Reference throughout this specification to “one embodiment”, “an embodiment”, or “a specific embodiment” or similar terminology means that a particular feature, structure, or characteristic described in connection with the embodiment is included in at least one embodiment and may not necessarily be present in all embodiments. Thus, respective appearances of the phrases “in one embodiment”, “in an embodiment”, or “in a specific embodiment” or similar terminology in various places throughout this specification are not necessarily referring to the same embodiment. Furthermore, the particular features, structures, or characteristics of any particular embodiment may be combined in any suitable manner with one or more other embodiments. It is to be understood that other variations and modifications of the embodiments described and illustrated herein are possible in light of the teachings herein and are to be considered as part of the spirit and scope of the invention.

In the description herein, numerous specific details are provided, such as examples of components and/or methods, to provide a thorough understanding of embodiments of the invention. One skilled in the relevant art will recognize, however, that an embodiment may be able to be practiced without one or more of the specific details, or with other apparatus, systems, assemblies, methods, components, materials, parts, and/or the like. In other instances, well-known structures, components, systems, materials, or operations are not specifically shown or described in detail to avoid obscuring aspects of embodiments of the invention. While the invention may be illustrated by using a particular embodiment, this is not and does not limit the invention to any particular embodiment and a person of ordinary skill in the art will recognize that additional embodiments are readily understandable and are a part of this invention.

It will also be appreciated that one or more of the elements depicted in the drawings/figures can also be implemented in a more separated or integrated manner, or even removed or rendered as inoperable in certain cases, as is useful in accordance with a particular application. Additionally, any signal arrows in the drawings/figures should be considered only as exemplary, and not limiting, unless otherwise specifically noted.

As used herein, the terms “comprises,” “comprising,” “includes,” “including,” “has,” “having,” or any other variation thereof, are intended to cover a non-exclusive inclusion. For example, a process, product, article, or apparatus that comprises a list of elements is not necessarily limited only to those elements but may include other elements not expressly listed or inherent to such process, product, article, or apparatus.

Furthermore, the term “or” as used herein is generally intended to mean “and/or” unless otherwise indicated.
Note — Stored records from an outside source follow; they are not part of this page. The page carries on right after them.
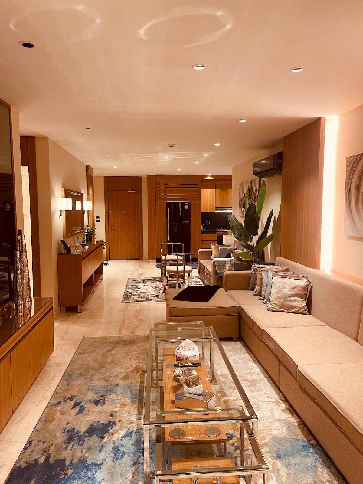 compeletly new furnished apartment with hight standars, hight quality and stylish furniture, brand-new applainces and air conditioners, my flat is located in a very centeral location like, 1 minute walkin to street 216, gourmet, 3 minutess walking distance to street 233 and all the hybermarkets ( carrefour, metro market, Saoudi Market ) also the flat has 2 balconies which is surrounding with trees from everywhere.
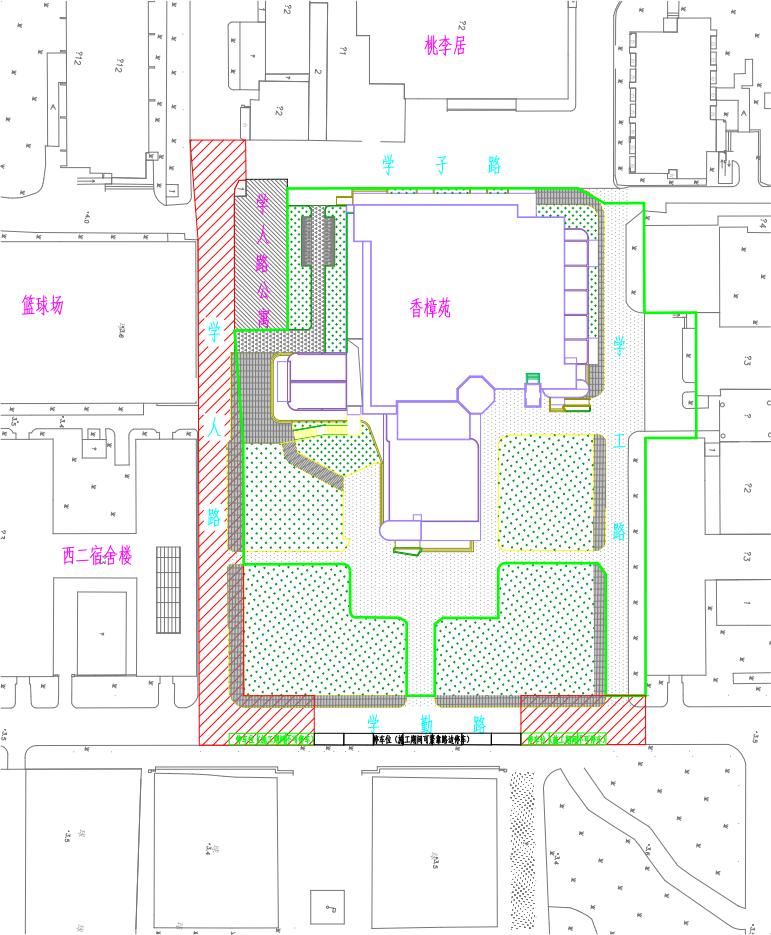 1.施工区域搭设临时围挡(详见附图绿色粗线围合区域)进行全封闭管理,非施工人员不得进入该区域,届时学工路(学子路~学勤路路段)将无法通行,敬请绕道。
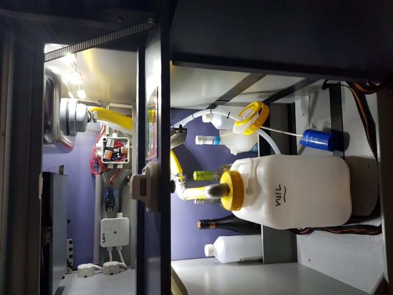 Vanmorgen de bus maar even opgeruimt en schoon gemaakt vanbinnen na ons weekeindje weg. Blijkt de dop van de watertank met de doorvoer van het pompje stuk te zijn. Gelukkig had ik er nog één, die ik kon vermaken. Het was nog wel even een werkje omdat de elektra ook los moet om de nieuwe dop om de kabel en slang te krijgen.
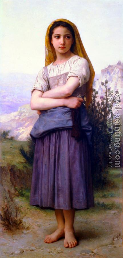 * Hand-painted William-Adolphe Bouguereau Oil Painting Reproduction : The Knitter
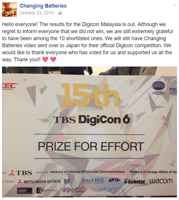 2) 15th DigiCon6 (Malaysia) – Prize for Effort, Top 10 Shortlisted.
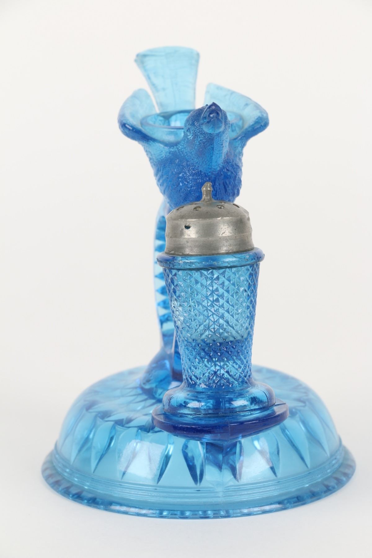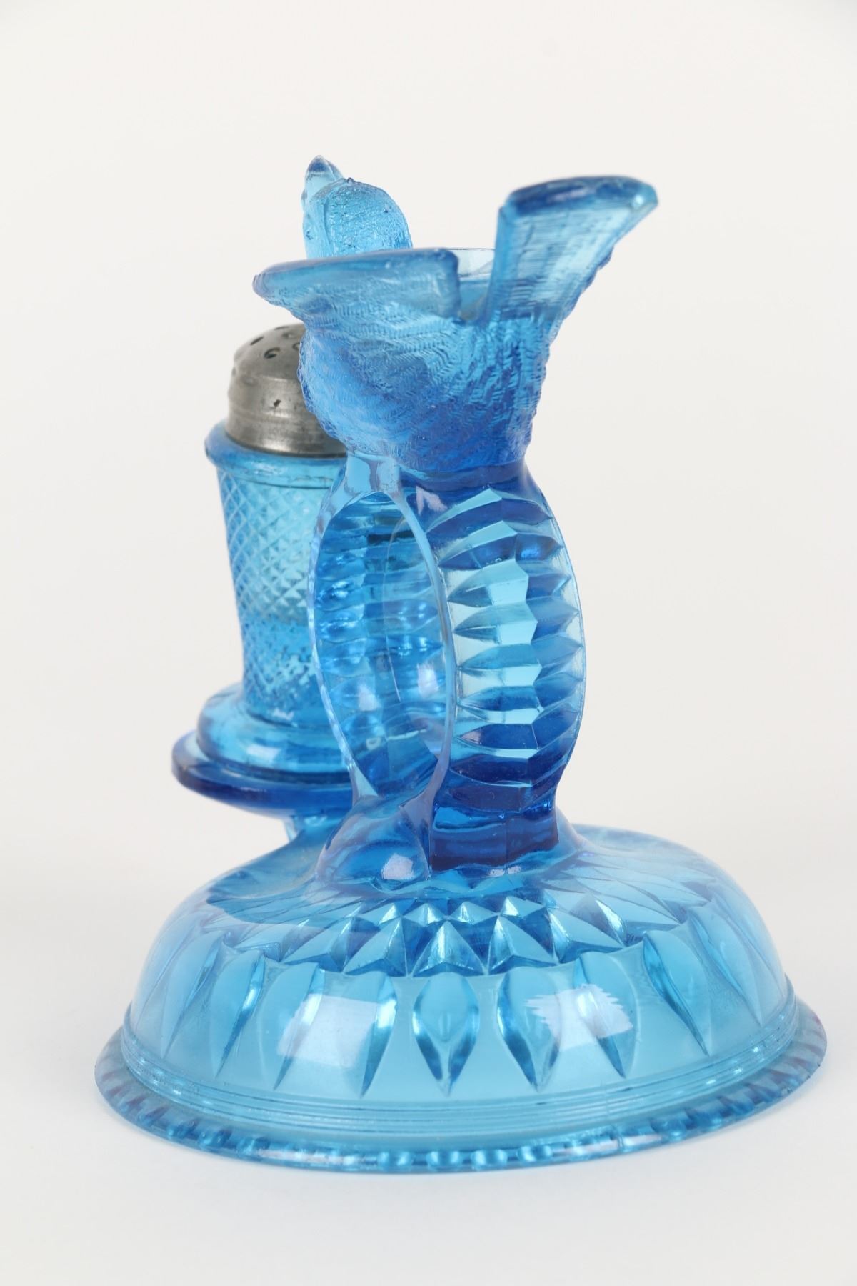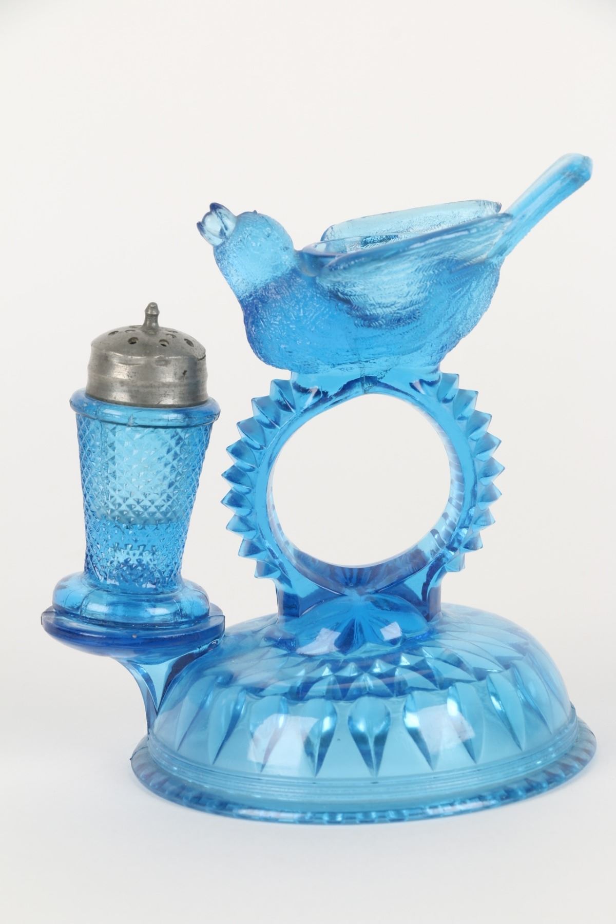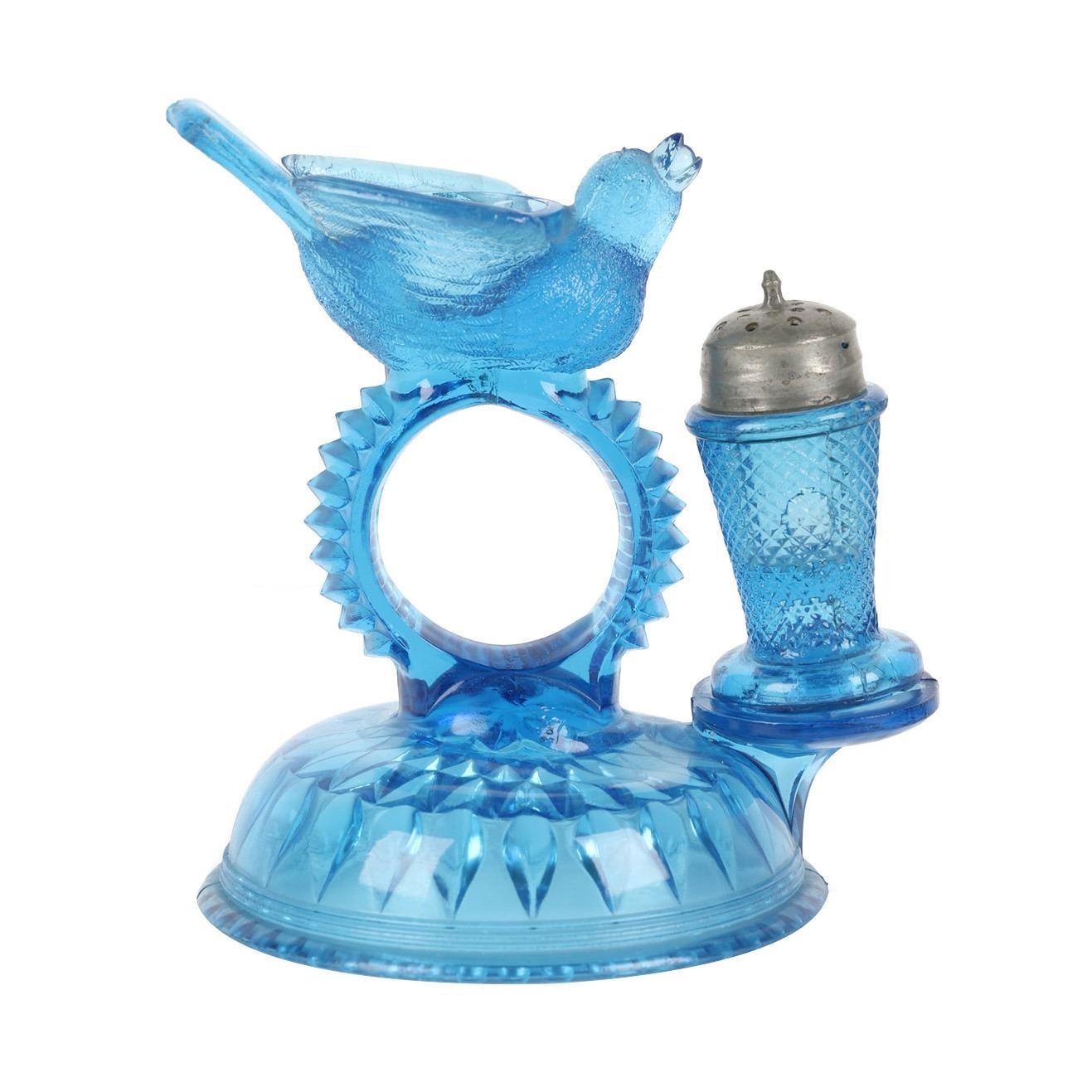 Lot 422 - Circa 1890. American. Aetna Glass Co. Blue pressed glass, original pepper shaker for bird open salt cellar, napkin holder center. 5.25" h. Bird tail tip with tiny abrasions. Two very small edge fractures. Shaker with tiny shoulder flake and two small foot flakes. $100-200.
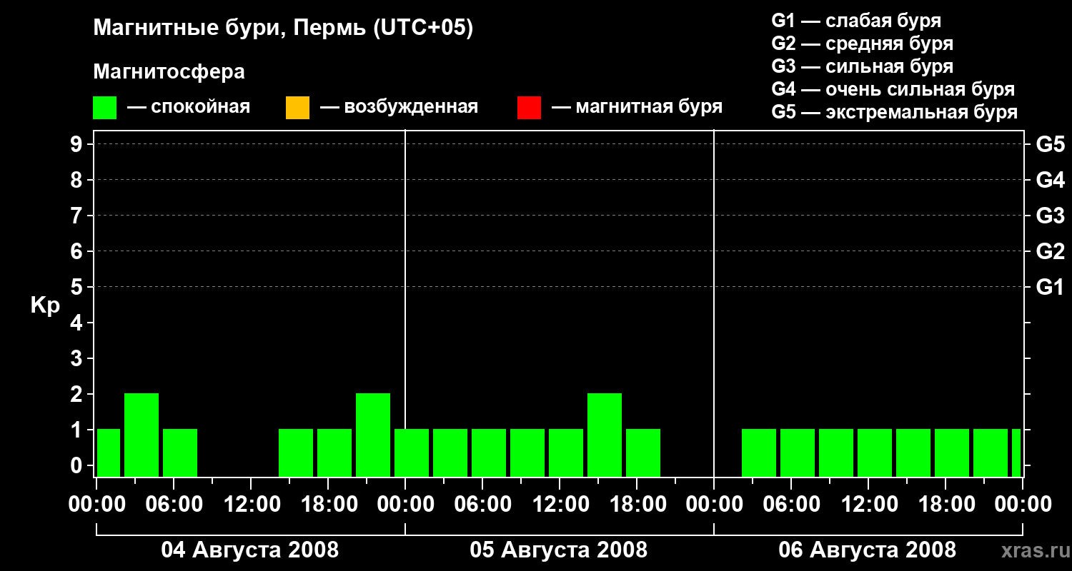 Изменения геомагнитного индекса Kp с 4 по 6 августа 2008 года для средних широт
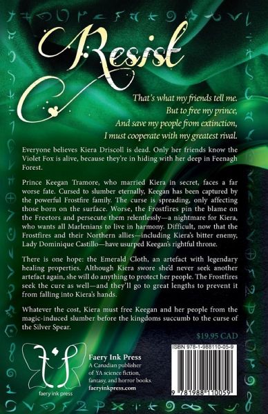 There are two kinds of people in Marlenia: those who are loyal to the Frostfire family, and those who pretend their world has not been turned upside down. Everyone believes Kiera Driscoll is dead. Only her friends know the Violet Fox is alive, because they're in hiding with her deep in Feenagh Forest. Prince Keegan Tramore, who married Kiera in secret, faces a far worse fate. Cursed to slumber eternally, Keegan has been captured by the powerful Frostfire family. The curse is spreading, only affecting those born on the surface. Worse, the Frostfires pin the blame on the Freetors and persecute them relentlessly-a nightmare for Kiera, who wants all Marlenians to live in harmony. Difficult, now that the Frostfires and their Northern allies-including Kiera's bitter enemy, Lady Dominique Castillo-have usurped Keegan's rightful throne. There is one hope: the Emerald Cloth, an artefact with legendary healing properties. Although Kiera swore she'd never seek another artefact again, she will do anything to protect her people. The Frostfires seek the cure as well-and they'll go to great lengths to prevent it from falling into Kiera's hands. Whatever the cost, Kiera must free Keegan and her people from the magic-induced slumber before the kingdoms succumb to the curse of the Silver Spear.
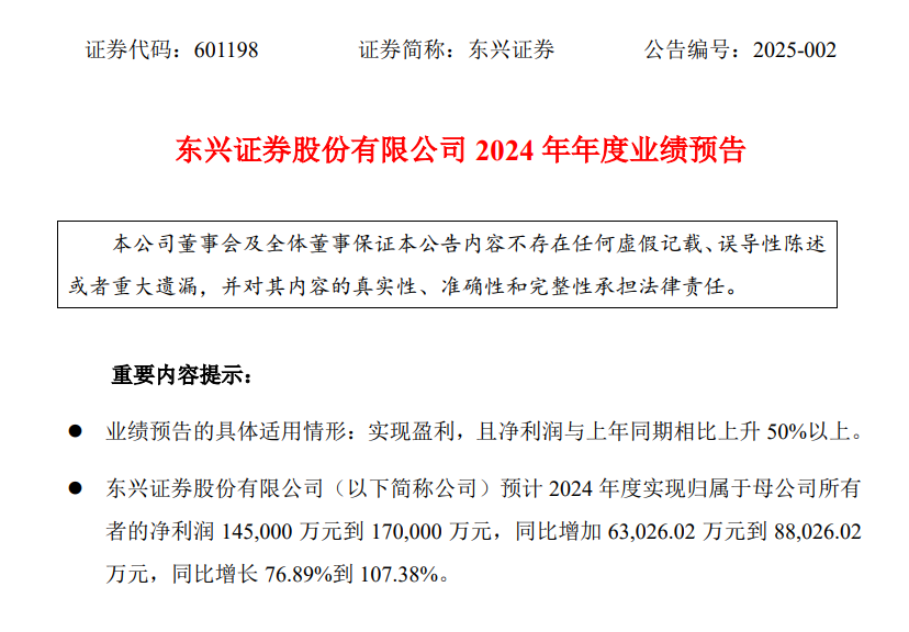 《电鳗财经》关注到,2024年1月6日,东兴证券发布业绩预告,预计2024年度实现归母净利润14.5亿元到17亿元,与上年同期相比增长76.89%到107.38%。东兴证券在公告中表示,2024 年,我国经济在复杂严峻形势下保持总体平稳、稳中有进,高质量发展扎实推进。公司聚焦战略落地,进一步打磨差异化特色,坚守绝对收益理念,积极推动各项业务稳健发展。报告期内,公司投资业绩大幅增长,财富业务及资产管理业务稳步发展,实现公司整体经营业绩同比大幅提升。
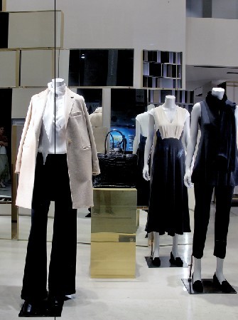 ![]() 這個櫥窗延續(xù)著洗練的風(fēng)格,與右上角同一款手包的展示,使櫥窗之間產(chǎn)生了延續(xù)性,兩套服裝線條優(yōu)美、款式簡單,品牌風(fēng)格非常突出,這是值得國內(nèi)品牌學(xué)習(xí)的地方。
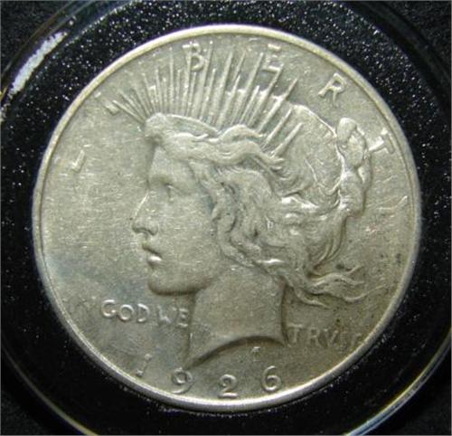 1926-D U.S. PEACE DOLLAR. Coin is in circular case.
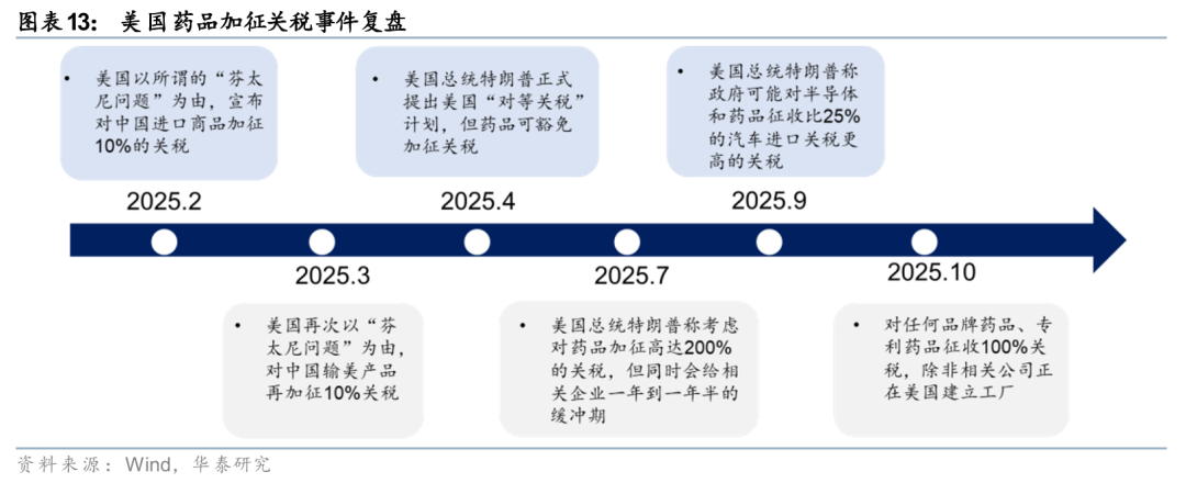 3)药品关税政策摇摆期:2025年4月8日,美国总统特朗普称此前“对等关税”政策未涉及药品,后续将考虑为药品设定单独关税。7月8日,美国总统特朗普称考虑对药品加征高达200%的关税,但同时会给相关企业一年到一年半的缓冲期。9月16日,美国总统特朗普称政府可能对半导体和药品征收比25%的汽车进口关税更高的关税。
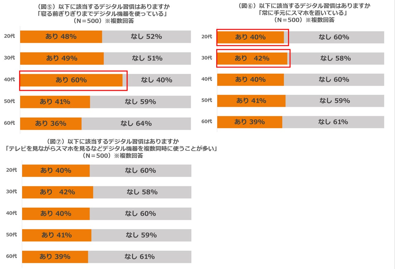 デジタル習慣別にみると、「寝る前ぎりぎりまでデジタル機器を使っている」という人が多かったのは、40代で60%。20代と30代も約50%はこの習慣を挙げており、「寝る前デジタル」が当たり前になっている人が多くいます(図⑤)。また20代で48%、30代では56%が常に手元にスマホがある状態だと回答しました(図⑥)。ほかにも、どの世代においても、約3人に1人は「テレビを見ながらスマホを見るなどデジタル機器を複数同時に使うことが多い」という傾向が見られました(図⑦)。
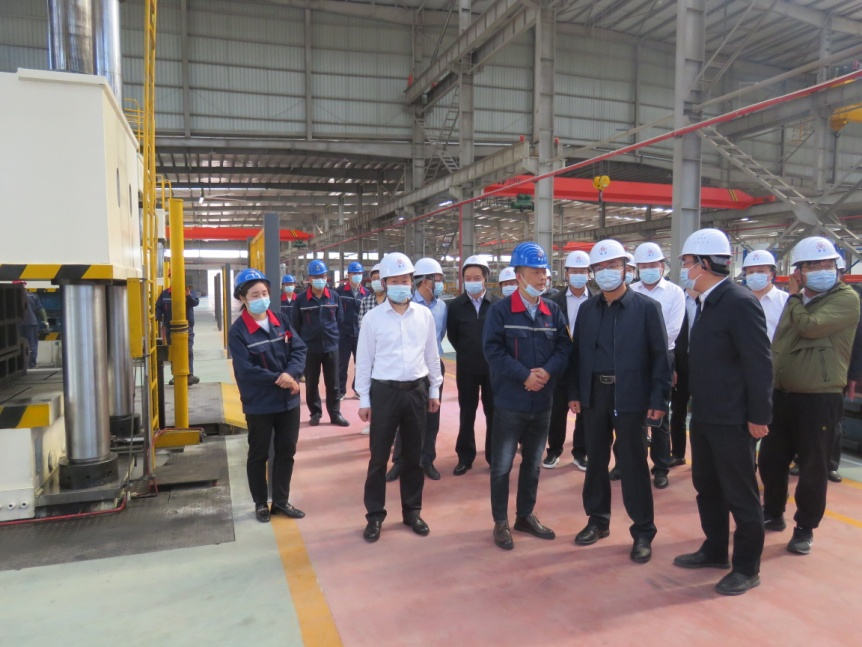 “五一”假期,帝爾公司為確保東風公司主機廠產品交付,仍在緊鑼密鼓加班生產。在車間現場,重型沖壓設備運行有序,機器人揮舞著手臂,進行精準切割作業。黃劍雄仔細察看生產工藝,并詢問公司研發投入、銷售收入、產品性能、公司發展前景規劃等情況。帝爾公司總經理賈留根就黃市長提出的問題進行了詳細介紹。
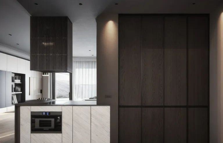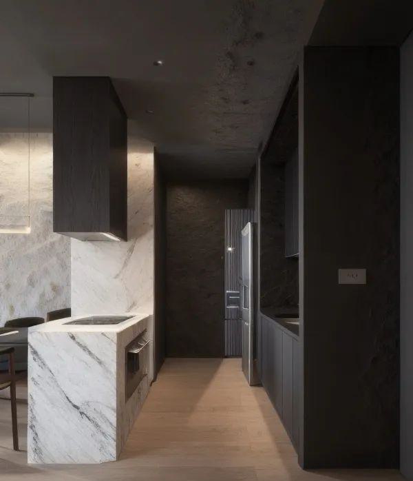 厨房利用硬朗的线条增加立体感,宽大的橱柜便于收纳生活用品,营造简洁空间。不同材质的肌理搭配,视觉内敛中不乏张力。
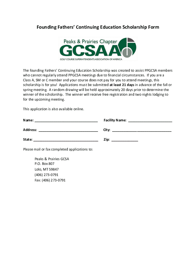 Get the free Founding Fathers’ Continuing Education Scholarship Form
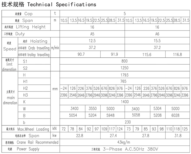 QY型5t绝缘吊钩桥式起重机
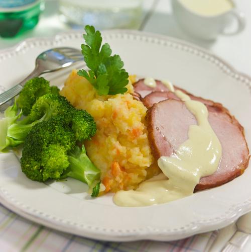 Kassler med rotfruktsstomp och senapssås
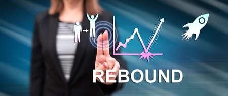 Woman touching a rebound concept on a touch screen with her fingers

For example, a condition A or B is satisfied by any one of the following: A is true (or present) and B is false (or not present), A is false (or not present) and B is true (or present), and both A and B are true (or present). As used herein, a term preceded by “a” or “an” (and “the” when antecedent basis is “a” or “an”) includes both singular and plural of such term (i.e., that the reference “a” or “an” clearly indicates only the singular or only the plural). Also, as used in the description herein and throughout the claims that follow, the meaning of “in” includes “in” and “on” unless the context clearly dictates otherwise.